I’ve been to dozens of games here, and it’s my team, so it’s hard to see it with an outsider’s eye. The first thing I notice from our seats (section 147, third-base side) is that the LaSalle Bank sign in right field may be the largest ad in any ballpark. (Either that or the ComEd sign in left.) Distracting LED "ribbon boards" flash numbers and ads all around the park. Hard-core fans of the old Comiskey may blanch at the pervasive corporate presence, not to mention sterile bathrooms and garden burgers at food stands with cutesy names like "Lollar’s Guard the Plate Grill." But it’s tough to find fault with the obligatory statues of Sox greats beyond center field, nor the vastly improved sightlines. I’m happier now than I ever was at Comiskey.
More troubling is the laid-back vibe of Sox fans. Maybe it’s because this is a day game, or a low-scoring battle, or Nancy Faust’s organ has hypnotized them. Or maybe the Sox nation is fat and happy because of that World Series trophy. But people are yawning. They’re quiet. They’re . . . bored? With baseball, on the South Side?

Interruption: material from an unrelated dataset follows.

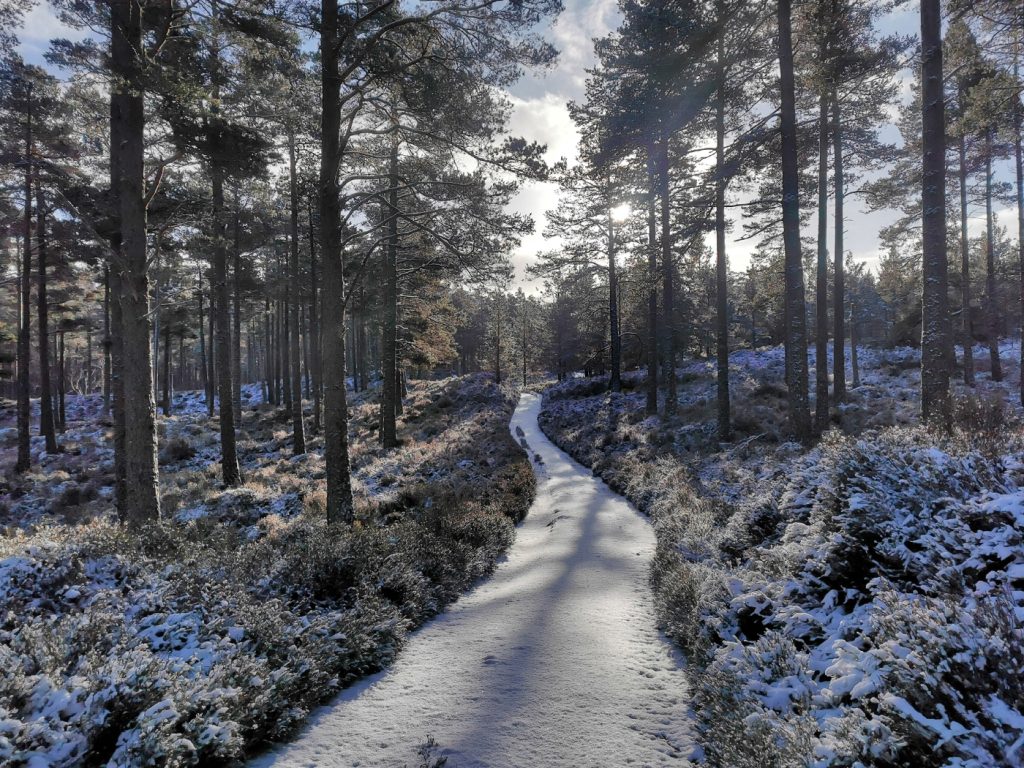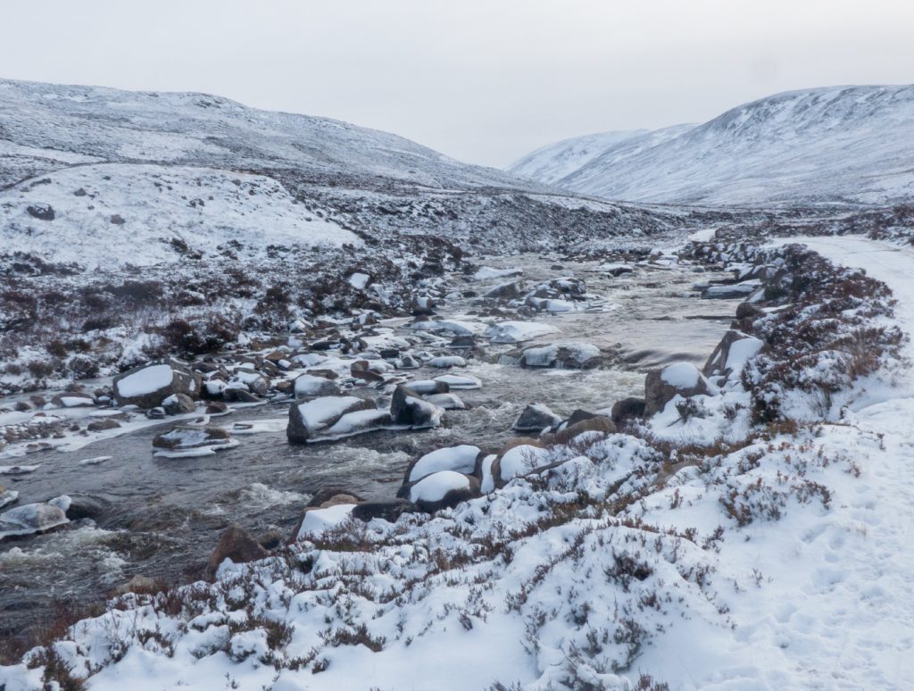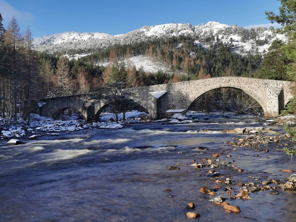 I took a break at the bridge, crampons off, delayering, now a march to Braemar. The track had a dusting of snow but easy going.

I’m just glad Dad’s not here to see it.
Still, after a single, a bunt, and a throwing error, the Sox pull out an exciting 4-3 win in the bottom of the ninth, and the good old South Siders have ended my six-game losing streak. The celebration, however, feels perfunctory. People leave the park quickly, and I’m among them, dragging two babies and a wife who still says The Cell stinks. She thinks the old ballparks like Wrigley, the creaky dinosaurs whose days are most likely numbered, will always be superior. Someday, when they’re old enough, maybe the tykes will share their opinions.